Integrated computational text mining and manual curation in Limix. The computational text mining frame shows a typical TextPresso-type result after query for the sodC keyword and "mutant" category. All sodC words and words under mutant category are clearly labeled in colors. One sentence containing both sodC and mutant words is highlighted in bold and considered as one match. A curator can easily highlight and copy text from this frame to an editable text field below the frame within the same page. The data can be further edited and submitted to a backend database by clicking an 'update' button. Other literature retrieval approaches (e.g., keywords search) are also available in the computational text mining frame.
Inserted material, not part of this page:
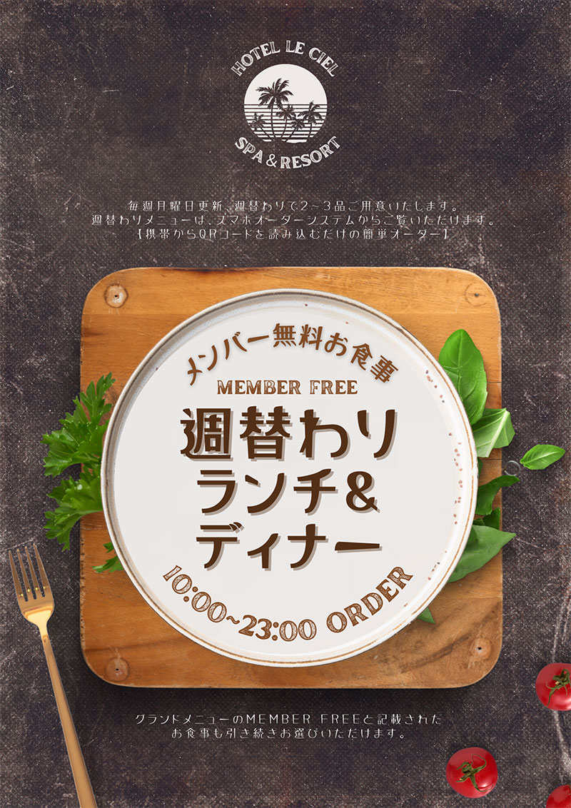 • 2023.05【5月1日スタート】メンバー無料、週替わりランチ&ディナー♪
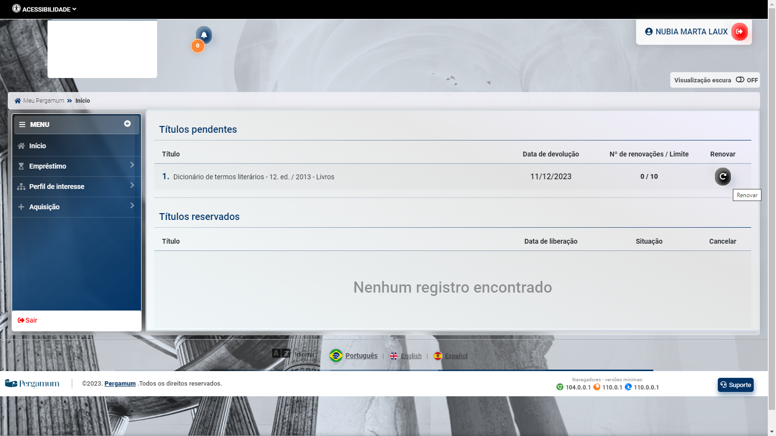 Renove seus empréstimos em Meu Pergamum.

Literature-curated Brucella gene mutations and pathogenesis

We have applied the Brucella Limix system for annotation of more than 900 Brucella genes. Out of more than 200 possible gene mutations from TextPresso-powered computational search, 107 mutations are manually confirmed, and 75 mutated genes are found to be attenuated inside macrophages or HeLa cells, or in an in vivo mouse model. It suggests that these 75 mutated Brucella genes are essential for Brucella virulence and pathogenesis. Although this list does not include those genes with attenuated mutation phenotype but without defined gene names, the number of attenuated mutations we have found is much more than any single research or review paper has discussed. The NCBI Clusters of Orthologous Groups (COGs) approach provides phylogenetic classification of proteins encoded in complete genomes [25]. The 75 Brucella genes are classified using the COG method for further analysis (Table 2). It first confirms the well-known pathogenesis mechanisms of Brucella type IV secretion system encoded by the virB operon [26], the BvrR-BvrS two-component regulatory system encoded by bvrR and bvrS [27], and the complete Brucella lipopolysaccharide [28]. Significant and stable attenuation are obtained in Brucella strains with mutations (e.g., wboA) resulting in the loss of normal lipopolysaccharide O-side-chain biosynthesis [29]. In addition, our curation clearly indicates the critical importance of transport and metabolism of various metabolites including amino acid, carbohydrate, lipid and inorganic ions (Table 2). Since the brucellae survive inside phagosomes of eukaryotic cells, bacterial attenuation after disruption of these genes suggests that the corresponding metabolites are not accessible to the bacteria inside the phagosomes, but they are essential for intracellular growth. Limix has also uncovered many gene mutations with important implications in understanding Brucella pathogenesis. For example, studies with a B. abortus sodC mutant suggest that Cu/Zn SOD protects B. abortus from respiratory burst of host macrophages [30]. The presence of an attenuated fliF mutant suggests a possible role for flagella in virulence [31], and it further leads to the recent discovery of a polar and sheathed flagellar structure in the early log phase of a growth curve in 2YT nutrient broth [32]. This finding has changed previous dogma that non-motile Brucella species do not have functional flagella.
Table 2

Clustering of 75 attenuated Brucella genes found from literature search using the COG classification method.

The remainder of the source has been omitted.